Психофизический монизм Э. Маха и его последствия в представлениях о психической реальности
Предпосылки воззрений Э. Маха можно обнаружить, если обратиться к исследованиям культурно-исторического контекста австрийской философии. По словам Л.В. Низьевой, связь психического с физиологическим «типична для австрийской философской традиции» [Низье-ва Л.В., 2015, с. 8]. Она характеризует австрийский подход к психологии как позитивистский по своей сути, поскольку в фокусе внимания Маха располагались преимущественно физио-лого-психические процессы, к истолкованию которых прилагалась естественнонаучная методология, выражающаяся в «терминах "объективного языка физики"» [Низьева Л.В., 2015, с. 11]. Данная особенность проявлялась в последовательных попытках развить психологическую концепцию «психологии без души» [Мах Э., 2003, с. 45], игнорирующей действительность мыслящего, переживающего и действующего субъекта.

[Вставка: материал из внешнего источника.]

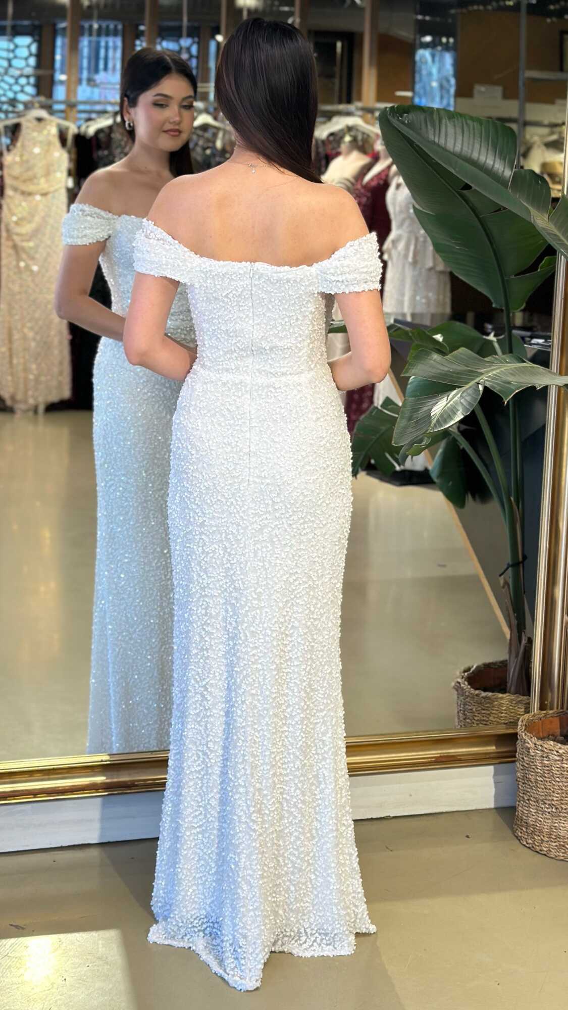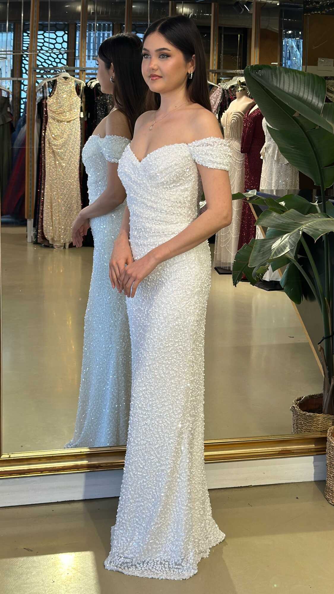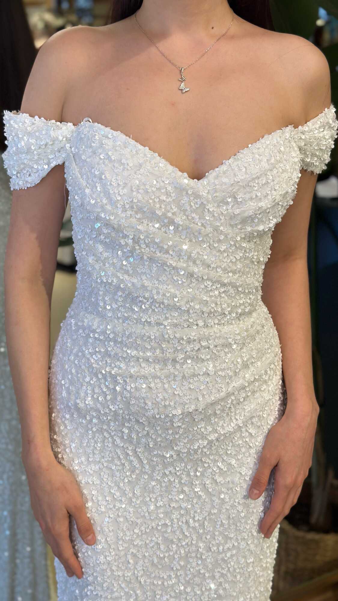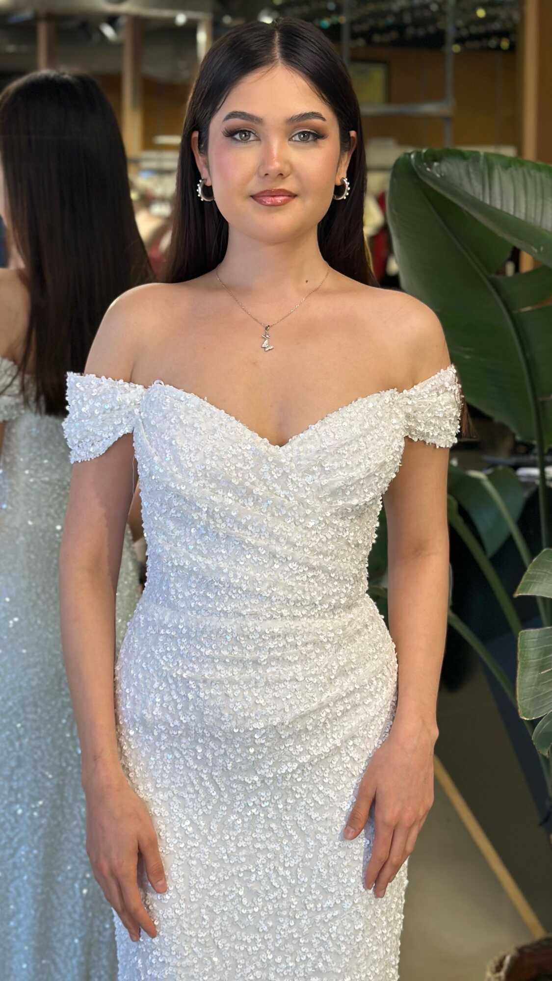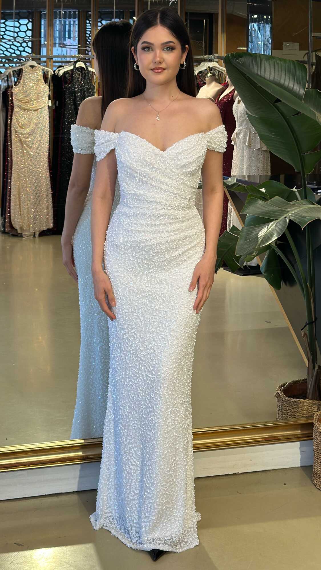 Madonna Yaka Beyaz Renk Düz Kesim Uzun Abiye Elbise, Payet Kumaştan Üretilmiş olup Pırıltısıyla Göz Kamaştıracaktır. Vücuda uyum sağlayan likralı kumaş, dinamik bir duruş kazandırır.

А сама доктрина психофизического монизма сформировалась под влиянием Дж. Беркли, Д. Юма и в особенности Г.К. Лихтенберга (1740-1799), к которому Мах испытывал симпатию из-за необычайного скептицизма последнего [Жеребин А.И., 2013, с. 137]. Основными идеями Э. Маха можно назвать следующую триаду: во-первых, представление о реальности как комплексе ощущений, во-вторых, идея невозможности Я. В-третьих, принцип экономии мышления. Для раскрытия «психологических» следствий первой идеи обратимся к немецкому мыслителю. Как утверждает Х. Плеснер: «Вследствие всецелой квантификации тела все его качественные характеристики оказываются субъективированными и истолкованными как всего-лишь-явления, а впоследствии — как ощущения» [Плеснер Х., 2004, с. 57]. Здесь весьма уместными представляются слова Лихтенберга: «Я хотел бы, чтобы материя когда-нибудь взялась писать о человеческой душе» [Лихтенберг Г.К., 1965, с. 105]. Конечно, — возражает Плеснер, — ощущение ни в коей мере не служит для познания предпосылкой. И «рассматриваемое как элемент представления оно, вместе с последним, включено во внутренний мир» [Плеснер Х., 2004, с. 70], поэтому психические процессы со-
ставляют непосредственную реальность, в пределах которой осуществляется познавательная деятельность. Соответственно, психология и теория познания у Маха совпадают.
Мах утверждает, что не существует деления на внутреннее и внешнее с отличной от последнего вещью, «существуют только одного рода элементы, из которых слагается то, что считается внутренним и внешним» [Мах Э., 2005, с. 260]. Ему представляется допустимой аналогия между физическими свойствами и ощущениями, ибо «сами по себе они идентичны, а только различны в зависимости от точки зрения, с которой они рассматриваются» [Мах Э., 2005, с. 42]. Однако Х. Плеснер оспаривает философскую позицию Маха, указывая на явный парадокс его системы. Элементы мира, будучи воспринятыми и интерпретированными человеком, остаются продуктами внутренней реальности, и тезис о ее соответствии реальности внешней не устраняет сложившейся перспективы.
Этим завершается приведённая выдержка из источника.